Stored data |
Content starts
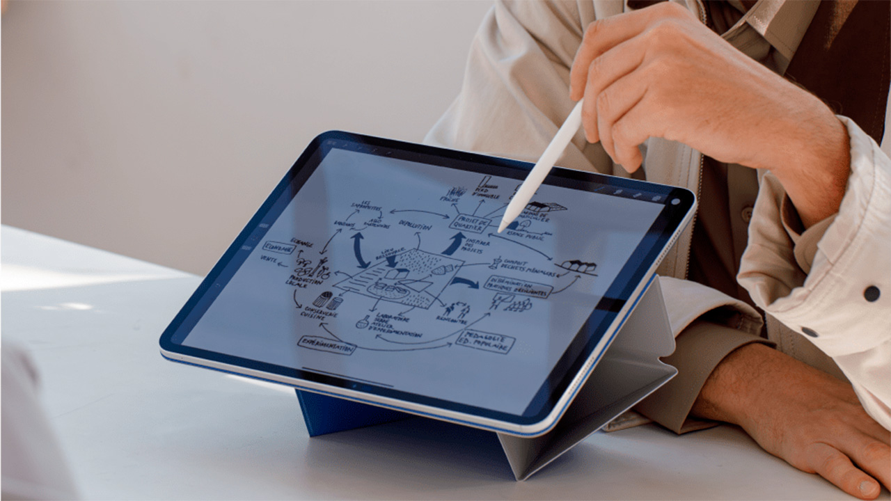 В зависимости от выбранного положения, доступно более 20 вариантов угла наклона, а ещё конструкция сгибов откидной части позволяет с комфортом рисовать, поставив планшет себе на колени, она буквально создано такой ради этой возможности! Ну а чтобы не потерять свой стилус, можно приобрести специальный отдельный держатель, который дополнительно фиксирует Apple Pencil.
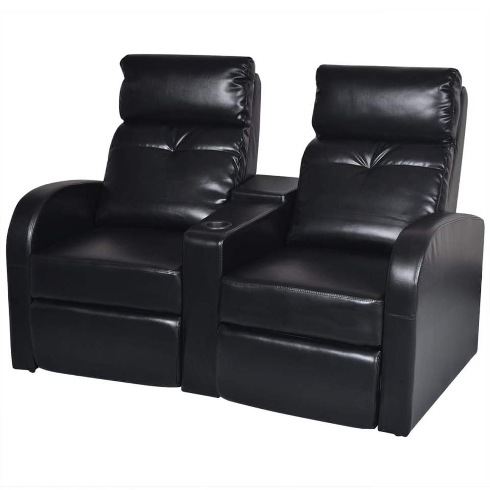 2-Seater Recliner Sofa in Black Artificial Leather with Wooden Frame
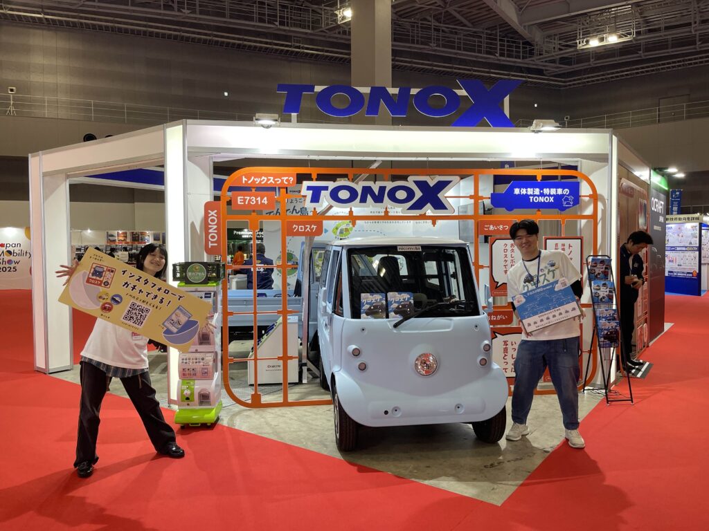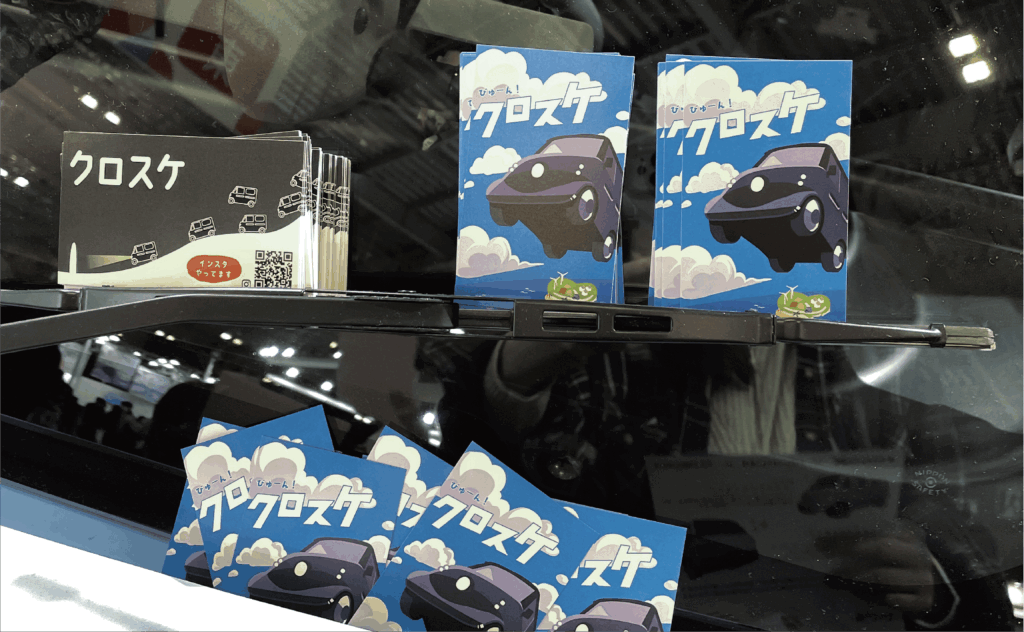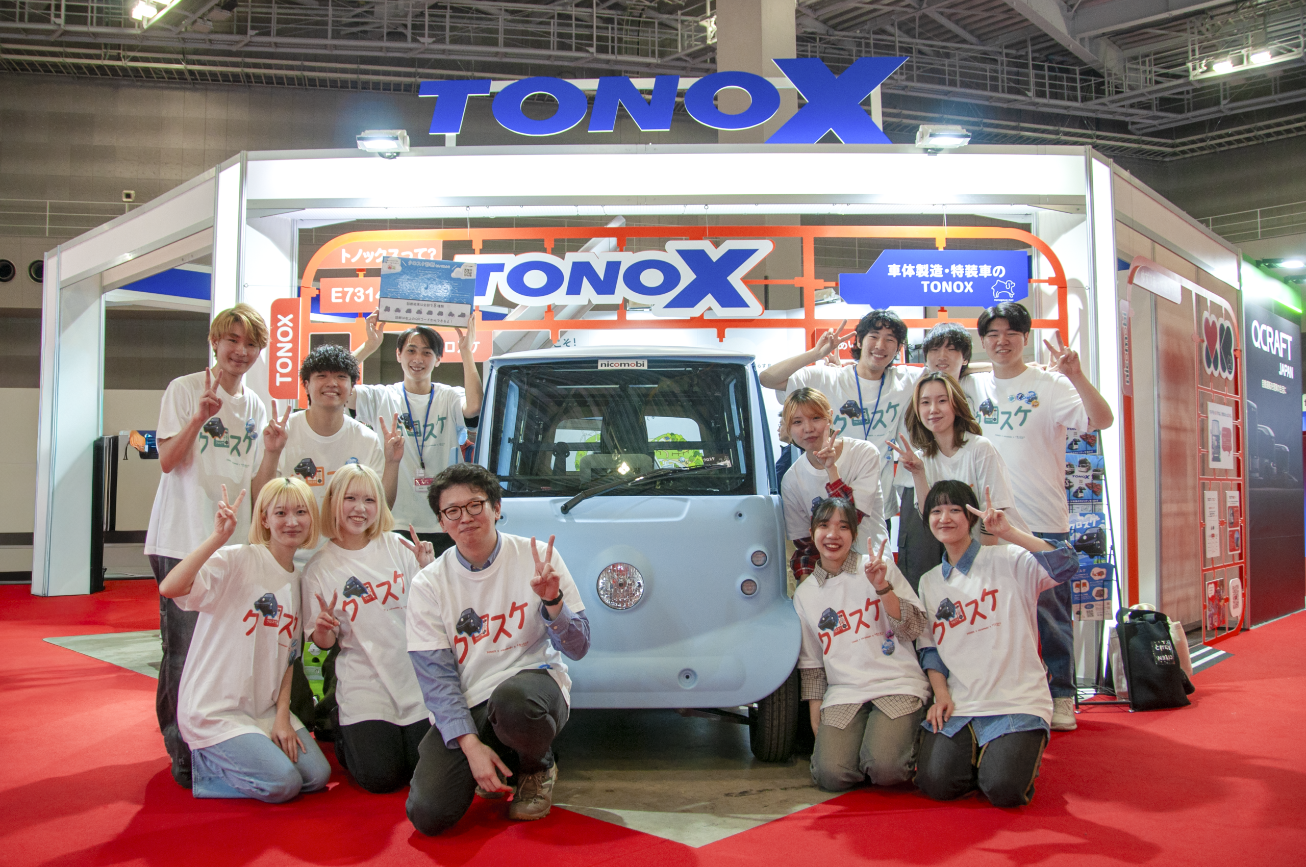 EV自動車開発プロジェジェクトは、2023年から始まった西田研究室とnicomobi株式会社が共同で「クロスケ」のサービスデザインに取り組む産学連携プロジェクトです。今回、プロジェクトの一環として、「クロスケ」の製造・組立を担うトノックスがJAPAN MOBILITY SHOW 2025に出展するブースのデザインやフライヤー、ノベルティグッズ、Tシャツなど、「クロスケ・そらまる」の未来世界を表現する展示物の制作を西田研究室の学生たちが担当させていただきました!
Content ends
Content starts
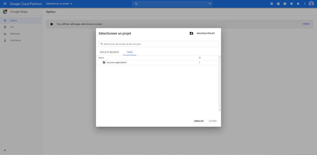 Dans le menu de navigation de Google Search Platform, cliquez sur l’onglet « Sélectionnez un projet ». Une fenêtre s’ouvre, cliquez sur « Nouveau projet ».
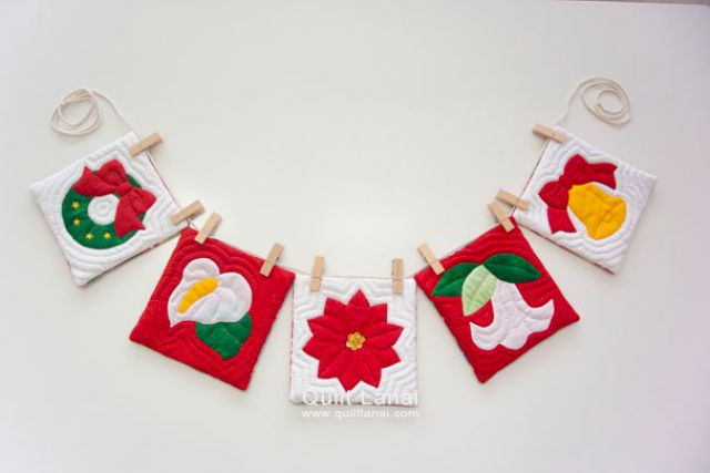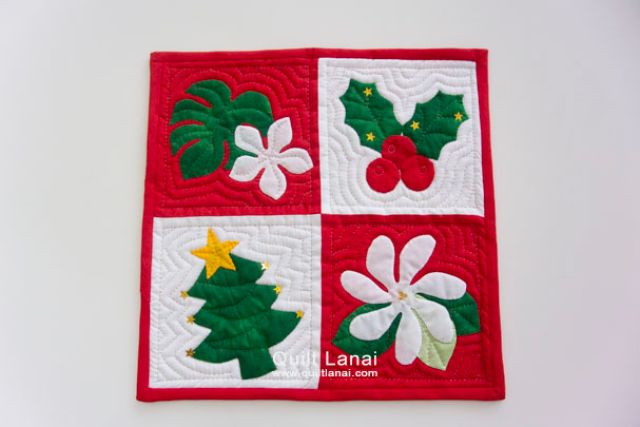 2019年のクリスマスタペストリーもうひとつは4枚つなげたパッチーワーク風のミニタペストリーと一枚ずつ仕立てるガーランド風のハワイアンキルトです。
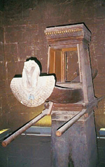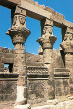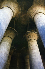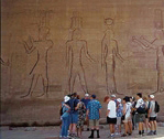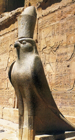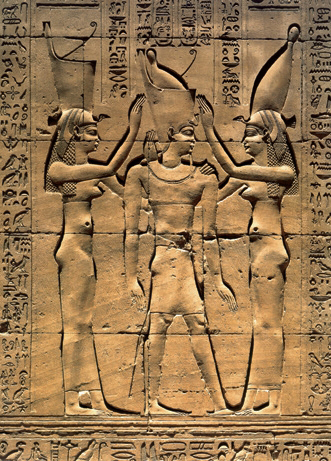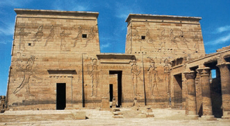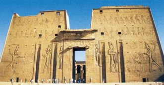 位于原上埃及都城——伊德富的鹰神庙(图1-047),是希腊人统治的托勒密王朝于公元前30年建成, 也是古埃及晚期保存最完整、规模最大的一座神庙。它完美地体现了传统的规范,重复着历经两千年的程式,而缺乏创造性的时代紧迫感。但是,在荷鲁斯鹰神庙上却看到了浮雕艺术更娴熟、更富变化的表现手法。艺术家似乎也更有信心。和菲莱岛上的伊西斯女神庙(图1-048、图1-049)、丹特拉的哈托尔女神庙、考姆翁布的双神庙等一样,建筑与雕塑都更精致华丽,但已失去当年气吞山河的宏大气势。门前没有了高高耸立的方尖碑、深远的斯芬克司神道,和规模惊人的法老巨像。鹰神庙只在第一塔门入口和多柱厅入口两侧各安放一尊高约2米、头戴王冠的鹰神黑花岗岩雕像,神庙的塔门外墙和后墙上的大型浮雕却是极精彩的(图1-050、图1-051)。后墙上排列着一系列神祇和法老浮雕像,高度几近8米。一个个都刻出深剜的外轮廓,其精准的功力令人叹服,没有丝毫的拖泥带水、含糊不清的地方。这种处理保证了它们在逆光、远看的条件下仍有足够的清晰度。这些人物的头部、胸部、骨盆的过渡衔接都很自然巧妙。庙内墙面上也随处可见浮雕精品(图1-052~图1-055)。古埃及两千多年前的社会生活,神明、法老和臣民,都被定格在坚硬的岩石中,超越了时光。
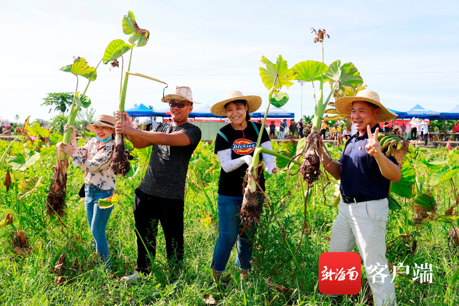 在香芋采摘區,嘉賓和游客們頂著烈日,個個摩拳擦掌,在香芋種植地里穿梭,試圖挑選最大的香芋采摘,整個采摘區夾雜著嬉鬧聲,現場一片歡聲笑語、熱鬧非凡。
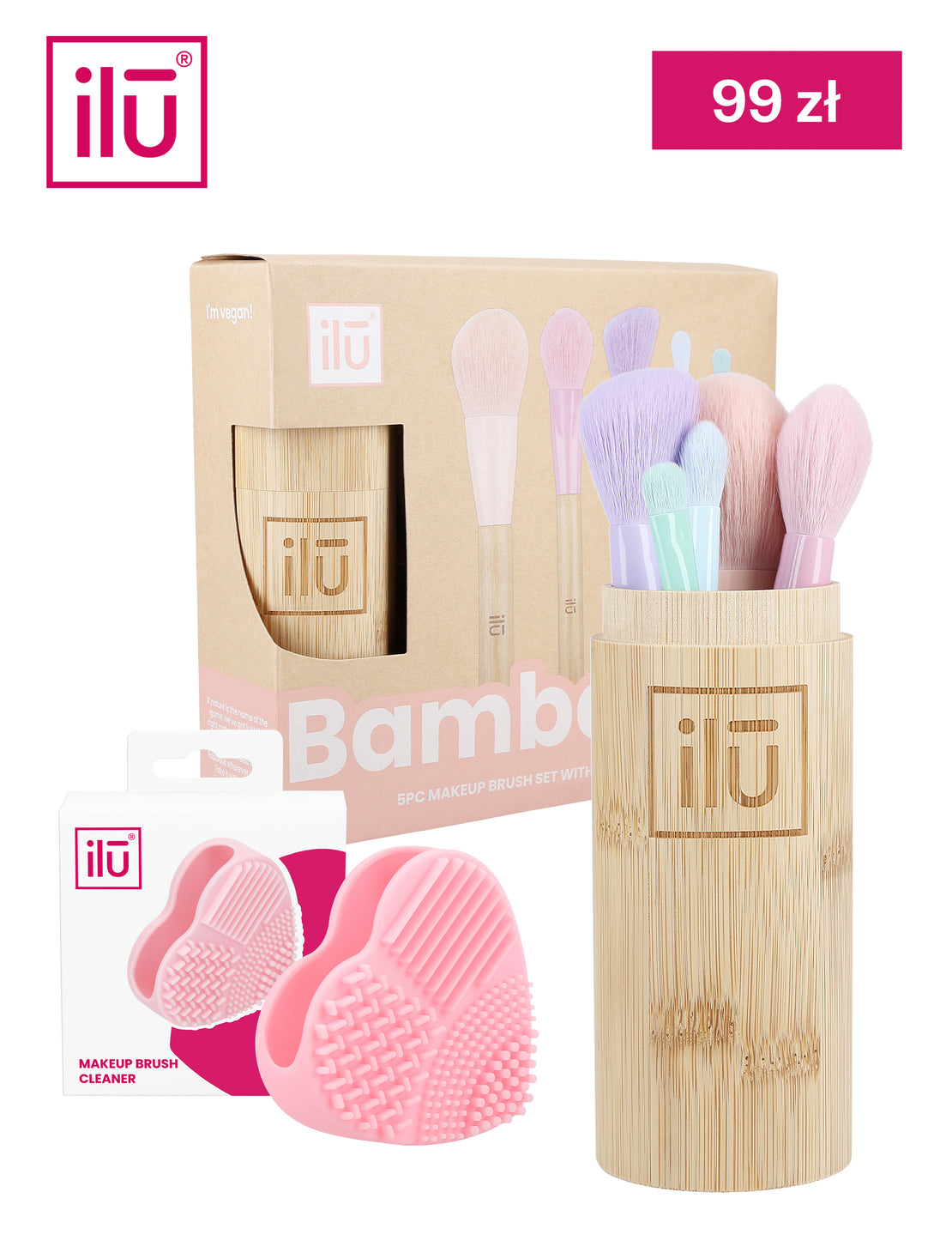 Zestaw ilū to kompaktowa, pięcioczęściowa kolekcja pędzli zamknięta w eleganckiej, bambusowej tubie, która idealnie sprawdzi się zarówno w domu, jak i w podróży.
Content ends
Problem requirements |
Within the data above, repeat exactly the lines from the one bearing "Dans le menu" through the one bearing "Zestaw ilū to". Include no pictures and nothing else.

Exercise solution |
 Dans le menu de navigation de Google Search Platform, cliquez sur l’onglet « Sélectionnez un projet ». Une fenêtre s’ouvre, cliquez sur « Nouveau projet ».
 2019年のクリスマスタペストリーもうひとつは4枚つなげたパッチーワーク風のミニタペストリーと一枚ずつ仕立てるガーランド風のハワイアンキルトです。
 位于原上埃及都城——伊德富的鹰神庙(图1-047),是希腊人统治的托勒密王朝于公元前30年建成, 也是古埃及晚期保存最完整、规模最大的一座神庙。它完美地体现了传统的规范,重复着历经两千年的程式,而缺乏创造性的时代紧迫感。但是,在荷鲁斯鹰神庙上却看到了浮雕艺术更娴熟、更富变化的表现手法。艺术家似乎也更有信心。和菲莱岛上的伊西斯女神庙(图1-048、图1-049)、丹特拉的哈托尔女神庙、考姆翁布的双神庙等一样,建筑与雕塑都更精致华丽,但已失去当年气吞山河的宏大气势。门前没有了高高耸立的方尖碑、深远的斯芬克司神道,和规模惊人的法老巨像。鹰神庙只在第一塔门入口和多柱厅入口两侧各安放一尊高约2米、头戴王冠的鹰神黑花岗岩雕像,神庙的塔门外墙和后墙上的大型浮雕却是极精彩的(图1-050、图1-051)。后墙上排列着一系列神祇和法老浮雕像,高度几近8米。一个个都刻出深剜的外轮廓,其精准的功力令人叹服,没有丝毫的拖泥带水、含糊不清的地方。这种处理保证了它们在逆光、远看的条件下仍有足够的清晰度。这些人物的头部、胸部、骨盆的过渡衔接都很自然巧妙。庙内墙面上也随处可见浮雕精品(图1-052~图1-055)。古埃及两千多年前的社会生活,神明、法老和臣民,都被定格在坚硬的岩石中,超越了时光。
 在香芋采摘區,嘉賓和游客們頂著烈日,個個摩拳擦掌,在香芋種植地里穿梭,試圖挑選最大的香芋采摘,整個采摘區夾雜著嬉鬧聲,現場一片歡聲笑語、熱鬧非凡。
 Zestaw ilū to kompaktowa, pięcioczęściowa kolekcja pędzli zamknięta w eleganckiej, bambusowej tubie, która idealnie sprawdzi się zarówno w domu, jak i w podróży.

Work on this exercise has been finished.